Kommt es bei dieser Lösung nicht stark auf den Classloader an?


----------



## JimPanse (24. Sep 2012)

Sym hat gesagt.:


> Kommt es bei dieser Lösung nicht stark auf den Classloader an?




Verstehe ich nicht?


----------



## Sym (30. Sep 2012)

Der Classloader im Enterprise-Server entscheidet doch, ob ((ParameterizedType)getClass().getGenericSuperclass()).getActualTypeArguments()[0]; ausgewertet werden kann. Ich meine jedenfalls, dass dies nicht immer funktioniert.


----------



## moonermo (1. Okt 2012)

Hallo, sorry, dass ich mich jetzt erst melde
Ich habe die EJB jetzt doch als Stateless definiert und dem super-Klassen-Konstruktor die Class übergeben.
@Sym:
Das würde jedenfalls zu meinen Beobachtungen passen 

Danke td für eure Bemühungen


----------



## KSG9|sebastian (12. Okt 2012)

Ich frag mich eher was das für ein Design ist.
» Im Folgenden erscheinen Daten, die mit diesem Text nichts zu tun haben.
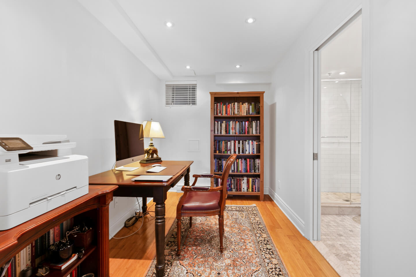 Bamboo floor_Ceiling height 7’ 6’’ Family room Office or Bedroom with Pocket French doors Bathroom 2011, shower Laundry and storage
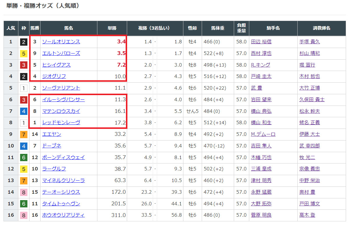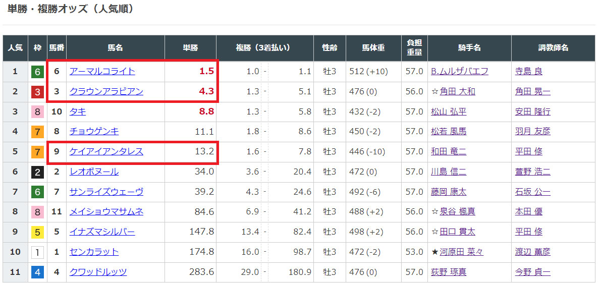 選んだ馬のオッズを見てみると今回も上位人気馬が中心のフォーメーションになりますね。

Für jede persistente Klasse ein "Service", und jeder konkrete Service macht genau nicht's außer eine NamedQuery auszuführen (oder zwei NamedQuerys)? 

Der Sinn erschließt sich mir jedenfalls nicht so ganz warum man das so tut...aber mit dem letzten Kommentar über getParameter... scheint es ja zu tun


----------